Q: I have been looking up family members in the SSDI. I cannot find my grandfather, in Nebraska, who worked on the railroad, and died in 1957. He would have had to have a SS#, wouldn't he? I found many other names of people his age and even older, who also worked on the railroads and had SS#'s. Why am I unable to find him listed? I am having the same problem with an aunt of mine in Phoenix, who died in 1969, who worked all her life; and with my husband's mother, who died in 1975. I found my maternal grandfather who had to give up farming in the 1940's when he became crippled with polio. He had one job for approx. 2 years at Goodwill Industries, before becoming injured, when he was in his late 60's early 70's. Yet they do not seem to have my other grandfather listed, who worked his whole life until his death at the age of 68. -- Colleen
A: There are a number of reasons why an individual does not show up in the Social Security Death Index. As more and more genealogists are coming online, especially those new to genealogical research, more and more people are questioning this resource and how to use it and what they will find.
One of the biggest misconceptions about Social Security was how long you had to work to receive payments. Another misconception is that if an ancestor received monthly payments from the Social Security Administration that individual should be in the Social Security Death Index.
The Social Security Death Index is a computerized index of those individuals on whose behalf a death benefit check was cut. This database is not all encompassing. Those included in the database have died primarily from 1962 on up. However, even in these years not everyone who has died will appear in it.
Some of the reasons that you may not be able to find your ancestors include:
Q: I am a junior in High School and I have to do a family tree for my final in my U.S history class. I only have a couple names of my great-grand parents and two surnames of my family. I've tried looking for information but I can not find what I'm looking for. How do I get started and how do I go about creating my family tree? -- Kari
A: I am always so pleased to see that the schools are using genealogy as a way to interest people in history. For many it will spark a life long passion to seek out their family history.
You mention already having the names of great grandparents.
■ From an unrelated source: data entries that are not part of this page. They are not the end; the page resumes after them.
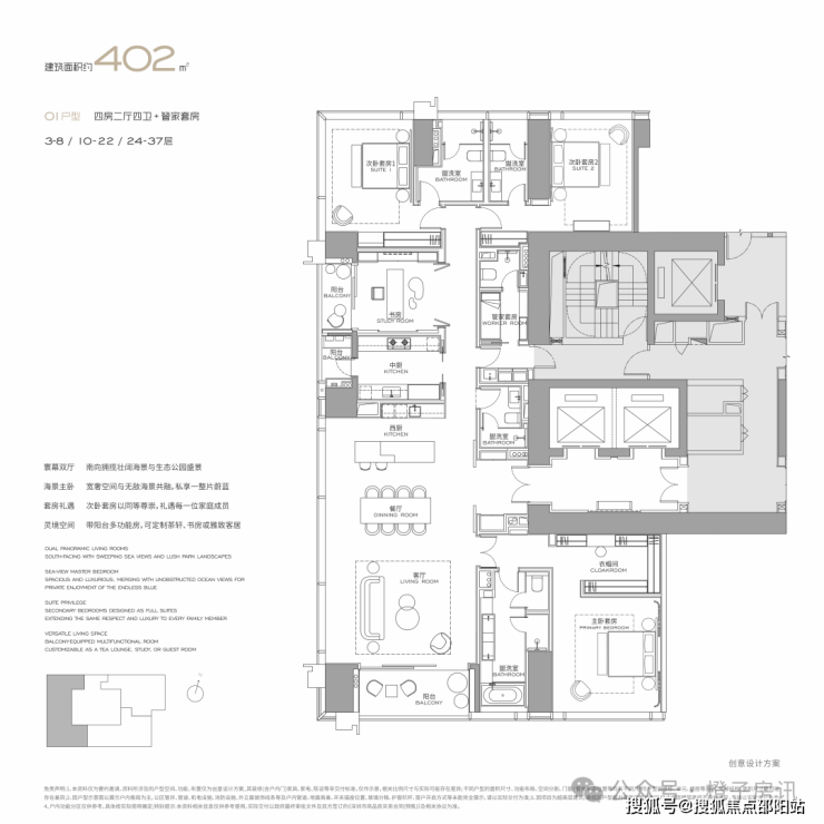 402㎡ 四房四卫-核心特点:终极改善。餐客西厨一体,三面采光,实现了主人与家政服务的“双动线”分离。
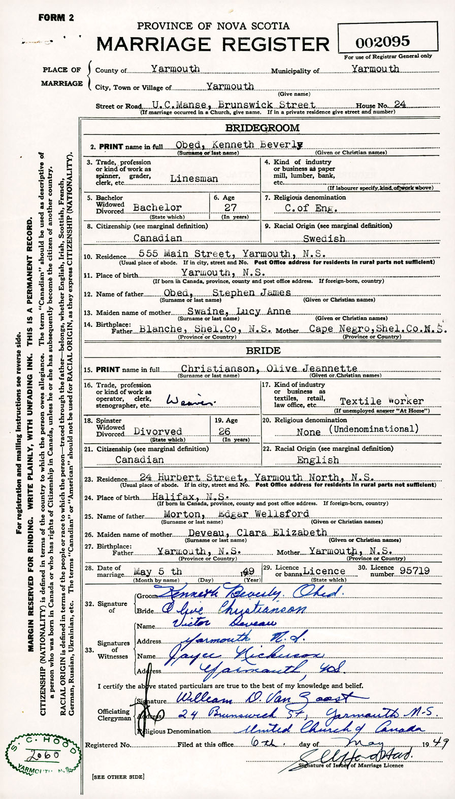 Registration: Year: 1949 number: 002095
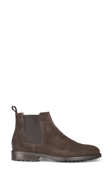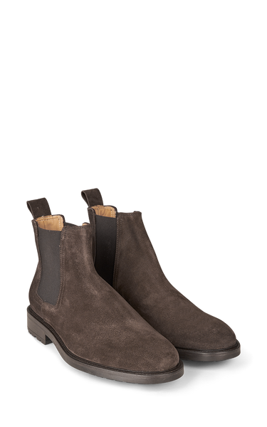 Flotte klassiske chelseastøvler i mørkebrun ruskind og med elastik på begge sider. Støvlerne har skridfaste gummisåler.

This is actually a good start. While you did not supply any dates, it sounds like the people you are looking for were living prior to 1920. This is important, as it means that you will be able to turn to census records, which can be a major help.
One of the best sites online that can help you in understanding the records you may need to use, which of those are online, and how to put it all together, is RootsWeb's Guide to Tracing Family Trees. These lessons are devoted to individual aspects of the research of family history and creation of a family tree.
Beginning in New York
Q: After clicking till I was "blue" I finally found someone on this Internet thing that might be able to help me begin my search. I would like to locate and research my father's family. I know my grandfather was Michael W Nolan, living at 286 Sterling Place, Brooklyn NY. He died around 1927-8. My grandmother was Charlotte Nolan, and there were siblings Adriance Bush Nolan, William Nolan and Charlotte Douglas Manning Nolan My father was John Joseph Nolan, born about 1907 (ish). There were five other 'brothers' of Michael W Nolan. How do I start this process. I've tried Roots.com, and ancestors.com. But no luck. I can't afford to pay in the beginning, but as I get further into the search, I could afford to join a genealogy group. Can you help get me started with some Internet choices? -- MaryAnne
A: It sounds like you may want to begin your research with the 1920 census. Your grandfather died in 1927 or 1928, and should therefore be living and listed in the 1920 census. The 1920 census will tell you the age of Michael and Charlotte at the time of the census. Armed with this, you can begin to estimate their birth dates.
Also included on the census is the place of birth for the individual, his father and his mother. This will tell you if the family had remained in New York, or if they had come from somewhere else to settle in New York.
Few census records are currently online, and of those available, I know of none for the 1920 census. The good news though is that in addition to the census itself, there is also a soundex to the census. Soundex is an index based on phonics. And without it, working in census records can sometimes be very frustrating.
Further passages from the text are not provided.